25 Jul 2005
Cogent and Employers prepare an "Expression of Interest"
The government has launched the National Skills Academies Prospectus. It gives employers the opportunity to take an active part in developing a skilled and competitive UK workforce. Education Secretary, Ruth Kelly, said: "Now, two years on from the first Skills White Paper, we should take stock and celebrate the significant progress that has been made in addressing the skills challenges we face. “We also need to look forward and recognise the challenges ahead and agree our priorities in tackling them.”
The skills prospectus invites employers to work through colleges, universities and other training providers to set up more skills academies such the fashion/retail academy set up by Arcadia Group.
A proposal for a National Nuclear Skills Academy has been developed under the supervision of the Nuclear Skills Advisory Group, and funded by the North West Development Agency, over the period from 2002 up to the present time.
A Business Plan for the Skills Academy and for the Nucleus project was passed by the Nuclear Skills Advisory Group at a meeting on 21 July. The Group emphasised the importance of the Academy as a national resource, for the whole industry and that it should become a wide partnership of industry employers across the supply chain.
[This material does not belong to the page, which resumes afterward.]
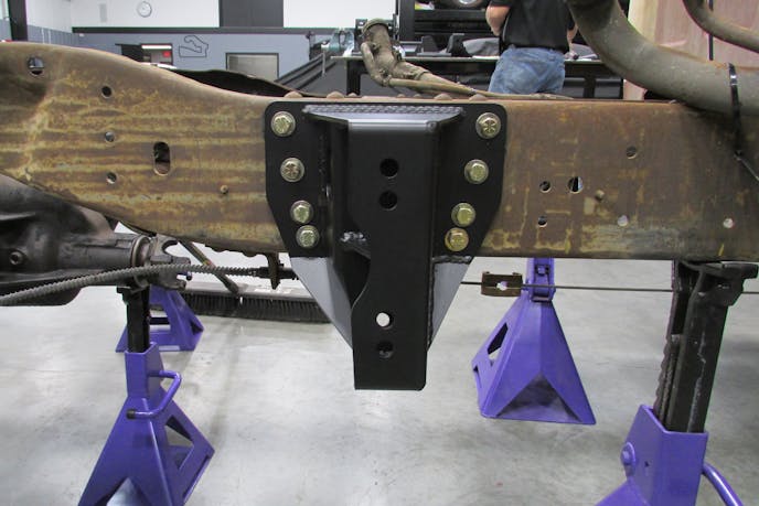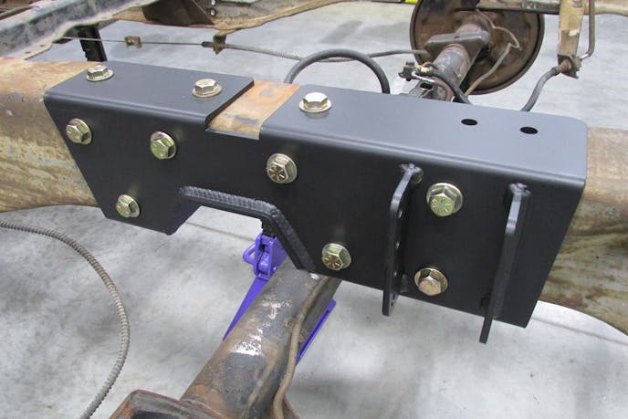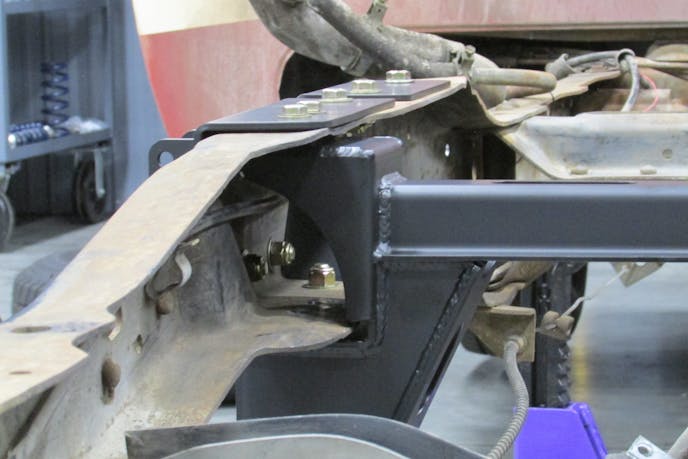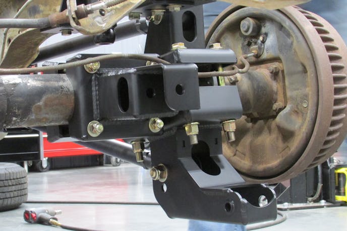 As for that unique C-notch plate that comes with each kit, Detroit Speed has engineered it to create a gain of 2 1/8 inches of jounce travel past the original frame rail surface. An integrated, progressive jounce bumper controls final axle travel.
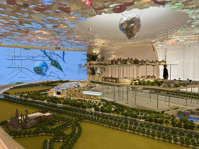 10月17日,“湾里”项目建设沙盘。中青报·中青网记者 张艺/摄北京环汇置业有限公司总经理助理周路苇介绍,“湾里”项目将引入王府井奥莱、汀云小镇、诺岚酒店三大业态。汀云小镇里有儿童玩的国内第一座小王子主题乐园,有青少年喜欢的国家地理探索中心,有年轻人爱去的Livehouse(音乐展演空间),有冬季吸引游客的汤泉中心,有以魔毯广场为核心的特色餐饮娱乐不夜城,有以600间不同档次客房组成的各种主题的酒店群落,还有可以举办各类演艺活动的室外公园。

Nucleus is to be a centre for engineering training, building on existing provision including the Gen II Centre of Vocational Excellence (CoVE), in West Cumbria.
Cogent is working with a group of employers for a Nuclear National Skills Academy in preparing the “Expression of Interest”. The main role of the National Nuclear Skills Academy will be broadly to provide high quality, cost-effective and efficient skills development from school to first degree level, to meet the needs of the nuclear industry.
While the industry does not face a skills crisis at the moment, employers are agreed that skills development is needed now in order to meet the challenges of the future.
Liz Rooney, Acting Chief Executive for Cogent, said: “This is an exciting development and we are working closely with nuclear employers to draw up plans for an Academy which will meet their particular needs.
“The government has made it clear that there is no single blueprint for what academies should look like - but they must be demand led and our challenge is to ensure that employers get up-to-date, high quality skills solutions that meet needs both now and, critically for the nuclear industry, in the future.”